The lawsuit provides details describing how Metro "secretly pre-committed to the Constellation Station long before all the evidence was in (and even before it released the Draft EIS/EIR) by only providing information to the [Federal Transportation Administration] for the New Starts process for a Constellation Station, even though the [locally preferred alternative] included both Santa Monica Boulevard and Constellation Boulevard alternative alignments and stations for Century City. Metro appeared to have selected the Constellation alternative more than a year and a half earlier and all of the reports Metro has prepared and issued since appeared to be a slanted, post hoc rationalization for that decision."
According to the lawsuit, Metro also used potentially flawed and erroneous studies to discredit and rule out a potential station location at Santa Monica Boulevard and Avenue of the Stars because it favored a Constellation station location. The lawsuit points to the fact that numerous geologists and other experts have questioned Metro's seismic studies and findings because, among other things, they involved no soil dating work or open trenching, the only reliable method to determine active faulting. Goldberg also noted that, "BHUSD's experts are convinced, and their studies have proven, that a Santa Monica Boulevard station location would be a safe and viable option."
Metro made the decision to choose the Constellation Boulevard station contrary to the best interests of the public, according to the lawsuit, because "the Draft EIS/EIR determined that the Santa Monica Boulevard Station would have a higher ridership than Constellation, cost at least $60 million less than Constellation, and shorten travel time since Santa Monica provided a more direct route than Constellation -- all positive benefits achieved without tunneling under Beverly Hills High School."
Kevin Brogan, attorney for the BHUSD, added that Metro forced the lawsuit because of its insistence on moving forward and voting on the project prior to the completion of all relevant scientific studies. "The BHUSD supports the Westside Subway Extension and did not want to file this lawsuit. But Metro's purported consideration of the Santa Monica Boulevard station location was nothing more than lip service, and its headlong rush to approve the alignment before all studies were finalized left BHUSD no choice," said Brogan.

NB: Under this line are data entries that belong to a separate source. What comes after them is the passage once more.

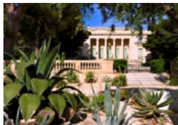
Villa Eilen Roctuinen

Deze geometrische tuin is een juweel van een Zentuin en contrasteert in grote mate met de vooral klassiek Franse tuinen aan de Riviera.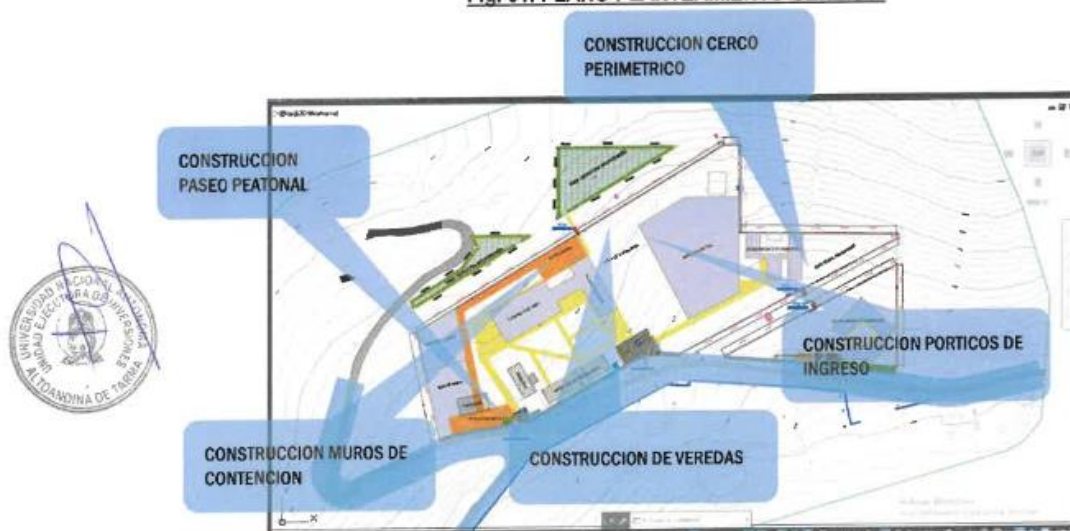
Fig. 01. PLANO PLANTEAMIENTO GENERAL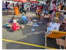
Beim StV war Kreativität gefragt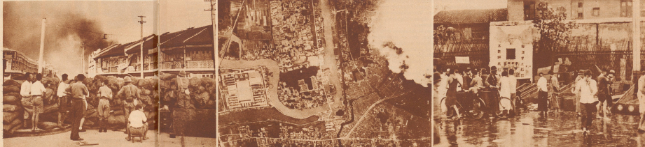
Japanische Stellung in einer Vorstadt von Shanghai. Die Barabarde befindet sich im Vordergrund. Ein improvisiertes Hotel mit dem japanischen Namen (links) steht rechts. Position japanische Armee in der Vorstadt von Shanghai. Les hommes sont à l'abri derrière une barrière de sacs de sable. Sur un petit fortin sont les 100 troupes.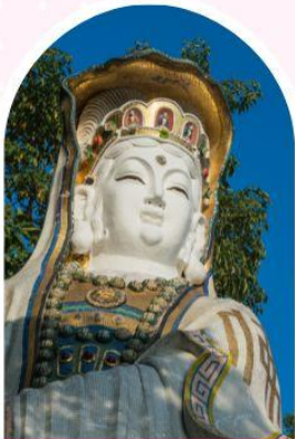
ริพลัสเบย์ รับพลังงานดี เสริมพลังอวัยวะ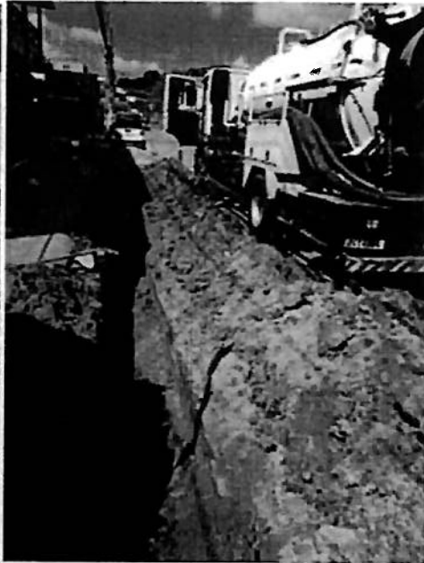
REPARO REDE DE ESGOTO, RUA PADRE PEDROSA, AMARANTINA, PROTOCOLO Nº 3039775 (16/05/2024)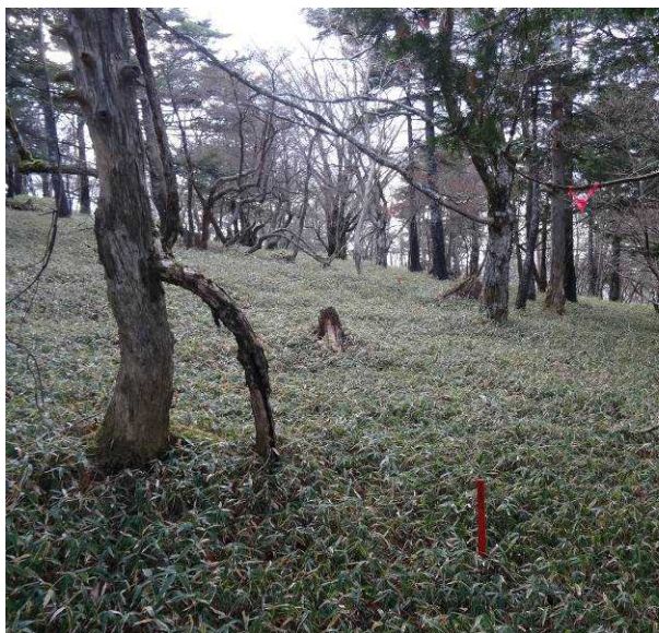
図 6-47 No.52 不整地運搬車ルート道(1)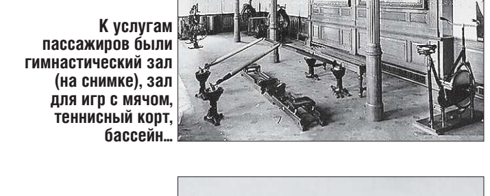
К услугам пассажиров были гимнастический зал (на снимке), зал для игр с мячом, теннисный корт, бассейн...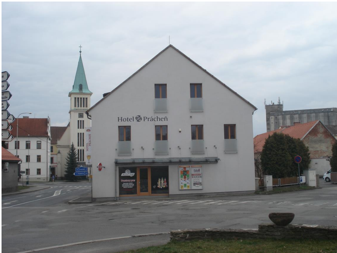
Příloha 5 – Hotel Prácheň (dříve U Modré hvězdy)

Goldberg echoing Brogan's sentiment on the need to file the lawsuit, stated "the BHUSD did not want to file this lawsuit. Today's action is a direct result of Metro's intransigence, and is the only option available to have an open, honest and fair hearing to protect BHHS. The unnecessary cost and delay of litigation could have been prevented if the Metro Board had only listened to the numerous experts that testified before them, and ordered that additional testing be undertaken to prove once and for all what would be the safest alternative for the Century City Subway station."